Not a very good 1st half for the Raptors by any means.
They'll need to come out with a lot more energy in the 2nd half.


----------



## ATLien

Good game from Atlantas stand point. I would try to give it more to Delk, he is really really feeling it.


----------



## madman

Top Performers 

Toronto 
C. Bosh
5-6
13 Pts
6 Rebs
0 Assists 

Atlanta 
J. Smith
4-4 
13 Pts
3 Rebs
1 Assists


----------



## ATLien

Josh Smith could go for a new career high tonight.


----------



## madman

Jalen is playing better then it seems


----------



## madman

TheATLien said:


> Josh Smith could go for a new career high tonight.

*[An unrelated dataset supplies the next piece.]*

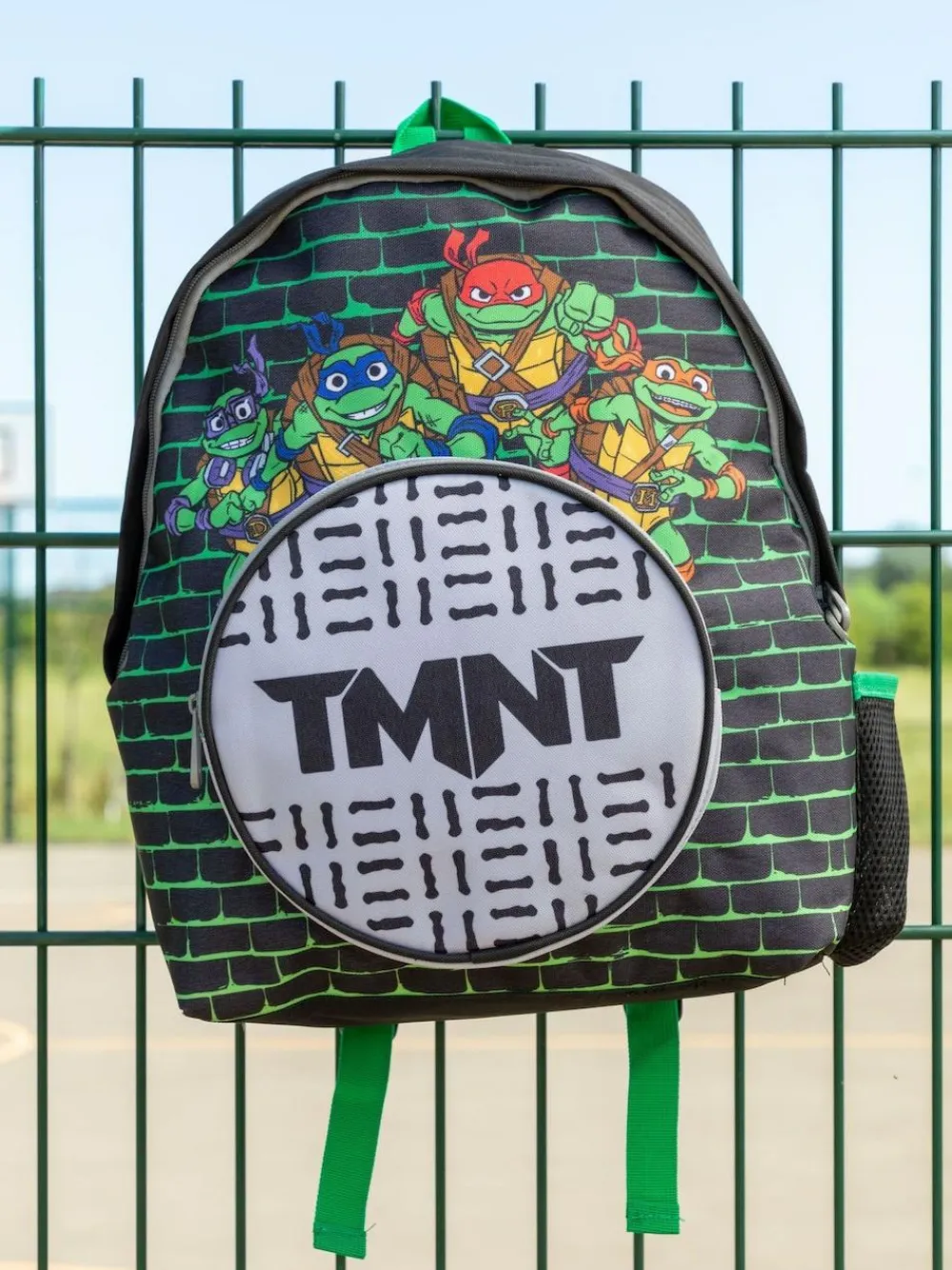 Get your little one ready for action with this Teenage Mutant Ninja Turtles backpack! Featuring a cool sewer grate front pocket, it’s perfect for any young fan of the turtles. Height 33cm Width 23cm Depth 4cm 100% Polyester.
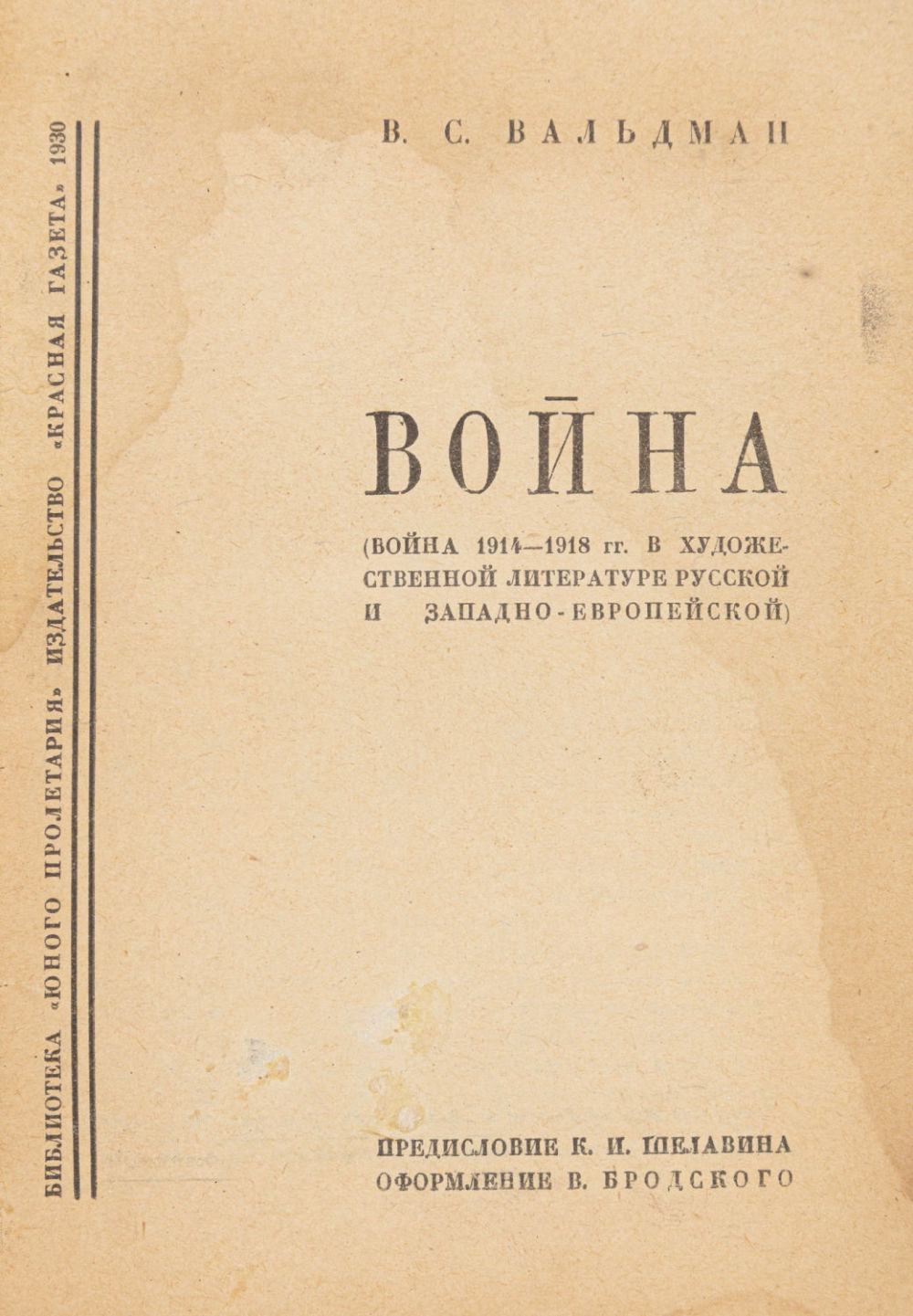 (Война 1914-1918 гг. в художественной литературе русской и западно-европейской); предисл. К.И. Шелавина. [Л.]: Изд-во «Красная газета», 1930. – 217 с.: ил.; 18х13 см.

what is his high right now?


----------



## bigbabyjesus

Terrible defense, but whats new..

Bosh played well.. 

Bonner is still missing shots.. Rose is really frustrated.. Donyells injured.. 

I thought Eric Williams played really well off the bench. 

I wanna see Hoffa and/or Sow in the second half damnit! we need some defense!


----------



## madman

wow 32 pts in the paint :sour:


----------



## ATLien

madman said:


> what is his high right now?


19


----------



## Q8i

Raps Better Win This Game.. N Wuts Up Wit JRose Missin FTs?
Alston, Cmon Man.. 2 Assists At Da Half? 

Give Da Ball To A-Train Man!


Lets Go Raps!


OT: :biggrin: Bout Heat Losin By 11! HaHa


----------



## Numbed One

I don't understand why Mitchell won't play Sow/Hoffa. He can't seriously think we're getting into the playoffs... Even if he did, Hoffa and Sow aren't going to sink our ship.

C'mon! Sow on Josh Smith would be a good matchup.


----------



## Turkish Delight

Numbed One said:


> I don't understand why Mitchell won't play Sow/Hoffa. He can't seriously think we're getting into the playoffs... Even if he did, Hoffa and Sow aren't going to sink our ship.
> 
> C'mon! Sow on Josh Smith would be a good matchup.


I think what he's doing is very effective.
He's not going to let them play just because we're not in the playoffs. He's showing them that they are going to have to earn their spot on the rotation.


----------



## Turkish Delight

Hoping for a much better 2nd half, we're going to have to step up on the defensive end.


----------



## bigbabyjesus

Numbed One said:


> I don't understand why Mitchell won't play Sow/Hoffa. He can't seriously think we're getting into the playoffs... Even if he did, Hoffa and Sow aren't going to sink our ship.
> 
> C'mon! Sow on Josh Smith would be a good matchup.


Thank you.

At a time where we are struggling so much with defense (well we always are).. and are not going to make the playoffs, what is the downside in playing Sow and Hoffa? That is what they bring, defense and hard work, exactly what we are lacking.


----------



## Numbed One

Turkish Delight said:


> I think what he's doing is very effective.
> He's not going to let them play just because we're not in the playoffs. He's showing them that they are going to have to earn their spot on the rotation.


Sow has played very well.

I'd say he's earned some PT.


----------



## madman

wow that shot by childress was off


----------



## Turkish Delight

Childress just had one of the ugliest shots I've ever seen.


----------



## Turkish Delight

What's happend to Jalen Rose?
Missing free throws, open jumpers?
This isn't the Jalen Rose that we are accustomed to.


----------



## ATLien

Looked like he didn't want to take it. He hesitated


----------



## Turkish Delight

Bosh was 5/6 from the field in the first half, he needs to get the ball a lot more in the 2nd half.


----------



## madman

that was good defense by aaron down low


----------



## Numbed One

Turkish Delight said:


> What's happend to Jalen Rose?
> Missing free throws, open jumpers?
> This isn't the Jalen Rose that we are accustomed to.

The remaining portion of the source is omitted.